非常食にはいろいろなものがある。・乾パン!?・・・非常食として知られている乾パンの保存期間は3年。乾パンがあれば大丈夫だと思われているが、一概にそうだとも言い切れない。乾パンが食べられるのは、健常者であり、赤ちゃんがいる家やお年寄りがいる家は、それぞれに合った物を用意しておかなければならないのである。非常食の中でおすすめなのは、フリーズドライ食品(ドライフーズ:宇宙食)である。保存期間は25年。フリーズドライは、お湯をかけるだけで食べることができる。しかし、フリーズドライ食品は、アルミの備蓄倉庫だと高温多湿のため10年しかもたない。その辺を承知しておいて、新旧回転させて使用する。また、フリーズドライのほかにも、米やおかずの缶詰、ミネラル水、レトルト食品などを日頃から用意しておく必要がある。ちなみに、小田原市は、非常食だった乾パン(3年)を、もっと保存期間の長いクラッカーに変えた。何よりもまず、最低でも3日分の食糧は用意しておこう。
[すぐたべられるもの]
・チョコレート、氷砂糖
・ジュース
・梅干し
・チーズ
・缶詰
[水やお湯で簡単に調理できるもの]
・米(缶詰やレトルトのご飯、アルファ米=お湯だけで温かいご飯ができて便利)
・インスタントラーメン
・切り餅
・インスタント味噌汁
・レトルトのおかず
これまで、非常食と言えば「乾パン」とされてきたが、口の中がパサパサして意外と飲み込みづらい。最近は缶切り付きのしっとりしたパンの缶詰なども市販されている。餅やインスタントラーメンは、喉ごしもよくお腹にもたまる。さらに、チョコレートや氷砂糖は血糖値があがるので満腹感がすぐに味わえる、と内科医がいっていた。
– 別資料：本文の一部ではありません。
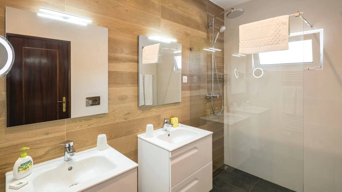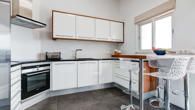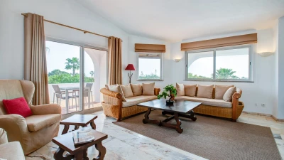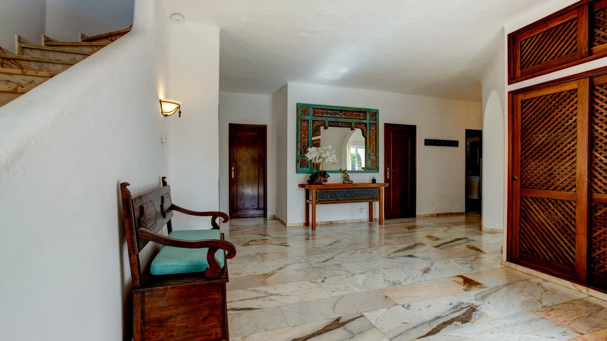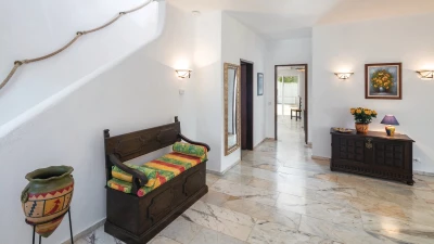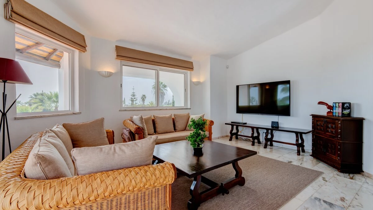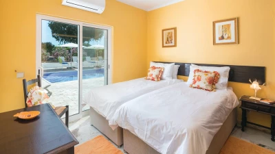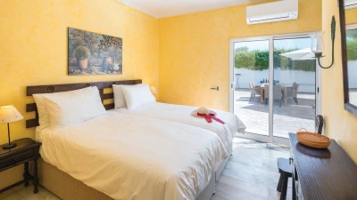 Not far from some of the Algarve’s best beaches, this classic-style villa is a great example of traditional Portuguese style. It’s rounded and whitewashed, with a gorgeous but simply styled exterior, and there’s a huge wrap around terrace that basks in the first floor views of the ocean and garden. Bougainvillea-blessed gardens are beautifully well-kept, and there’s a heavenly blue-tiled swimming pool out back (available to be heated for an extra cost). With lots of loungers and brollies, there are plenty of sunbathing spots on the huge sun terrace, alongside a lovely outdoor table for al fresco summer meals. Inside, the villa represents a mix of traditional Moorish style with contemporary comforts. It’s traditional but classic, with lots of antique features and pared-back walls. The main living areas can all be found on the first floor – there’s a modern kitchen with a breakfast bar and access to the veranda for the great sea views, plus a large living/dining area with high ceilings and a contemporary smart TV. There is also a guest toilet with shower on this floor. Head downstairs for the bedrooms – there are two twins with a shared bathroom, and a master king size double bedroom with a modern en suite walk-in shower room. All of the rooms follow a similar traditional style, and include patio doors that lead out to the pool or lovely garden.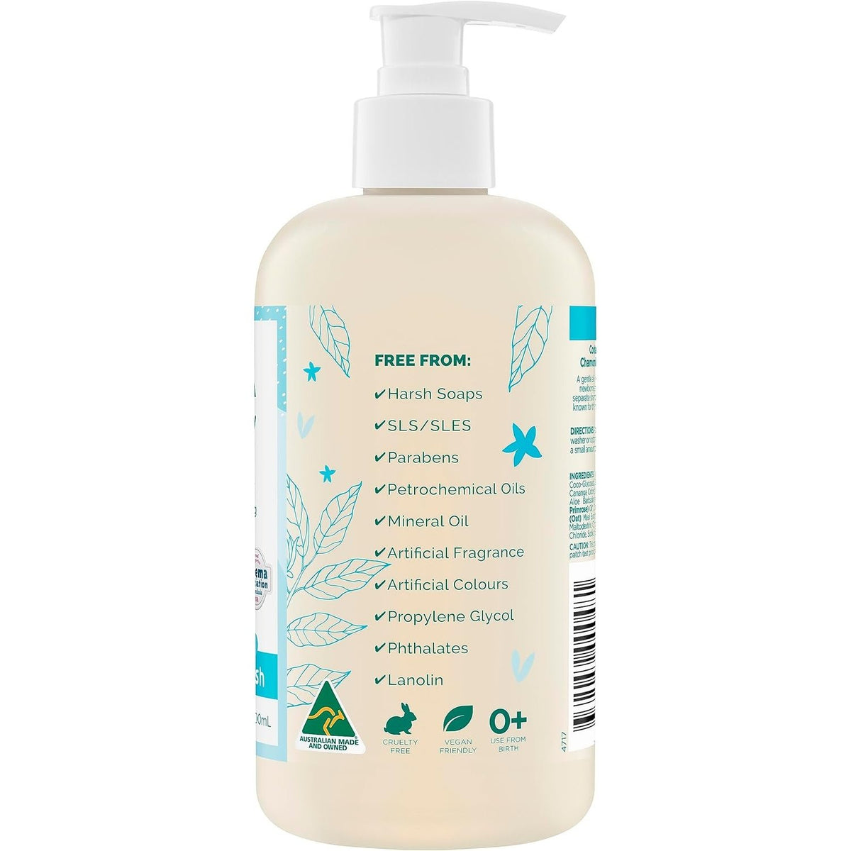 A gentle 'top to toe' 2-in-1 body cleanser and shampoo, ideal for newborns and little ones who don't have much hair. Enriched with organic Aloe Vera and organic Ylang Ylang, which are known for their skin soothing properties, as well as organic Evening Primrose Oil to moisturise and nourish baby's skin and scalp. Suitable to use from birth. Dermatologically tested and suitable for sensitive skin. Proud supporter of the Eczema Association of Australia.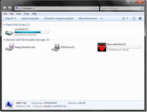 As described, the first step is to select the drive letter for your USB device. In Windows, you will usually want to select the E: drive, but this can differ depending on how you have your Windows drives structured. So, start by plugging in your USB drive to your computer and navigating the path Start > Computer. This will give you a view of all your active drives, in which you can simply determine the drive letter for your USB drive.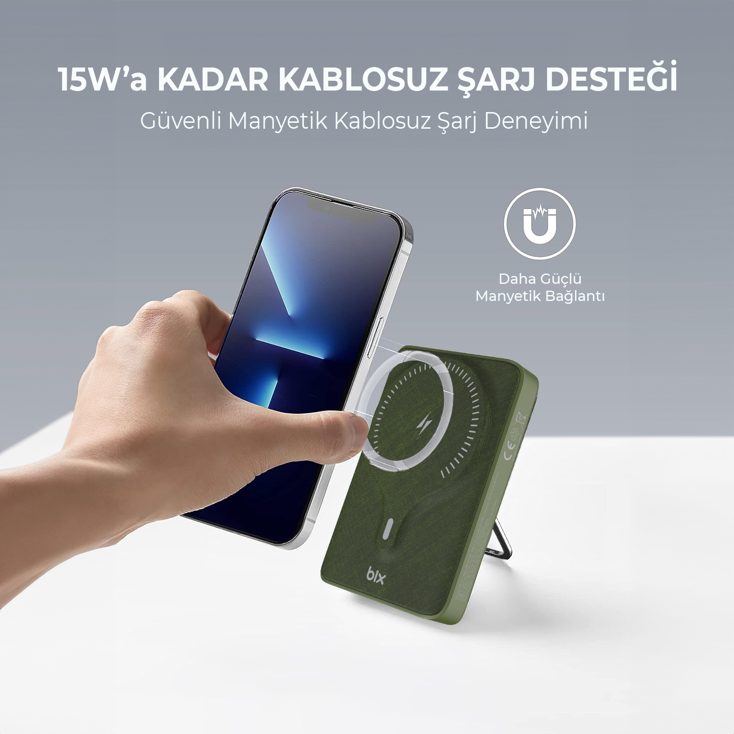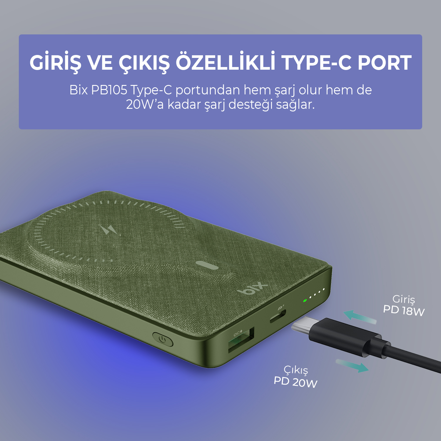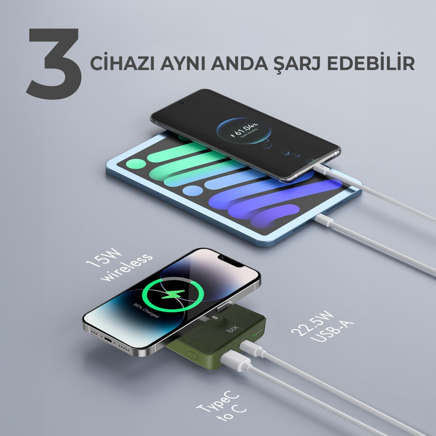 BİX 10000mAh BXPB105-GRE 22.5W-15W Type-C Micro USB KABLOSUZ LED GÖSTERGELİ Yeşil POWERBANK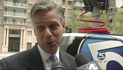 Back only weeks from serving as U.S. ambassador to China, Huntsman said he expects to make up his mind soon.

【写真右】文化祭の発表コーナーで、いろいろな人に乾パンを食べてもらった。「水と一緒でないとたべられなーい」という声が多かった。(2000年9月 県立西湘高校で)
♪プラスα情報♪
よーく調べたら、自治体の非常食の備蓄量は、2日目の途中で絶えてしまう可能性があり、それぞれの市町村では備蓄量は異なり、バラツキが激しい。
小田原市(小田原市役所)
・被害者予測数 22800人
・目 標 数 22800人×3食3日分=202500食
・現 在 120000食
南足柄市(南足柄市役所)
・被害者予測数 25000人
・目 標 数 25000人×3食3日分=225000食
・現 在 19500食(2000年4月1日現在)
※各避難所(11か所)全部合わせての数。(南足柄市役所防災課の渡辺さん談)
・警察、ボランティア、消防隊など、500人分ずつ
・隣の市などの人の分 500人分
・緊急時用にフジフイルムの生協、ユニーと協定を結んでいる。
南足柄市の非常食は、すべて宇宙食。一方、小田原市の非常食の内容は、アルファ米、缶パン、赤飯などだが、これらは5年しかもたない。そのため、20年間もつ宇宙食に順次入れ替えつつある。
鍋や炊飯器がない!代用のものがあるってホント?
・もし鍋が使えなくなったら作ればいいんです!アルミホイルに缶さえあれば、鍋は作れます。ほかにも作り方はいろいろあります。身の周りにも、使える物はたくさんあるのです。
【写真上】文化祭の発表コーナーでは、非常食を展示。(2000年9月 県立西湘高校で)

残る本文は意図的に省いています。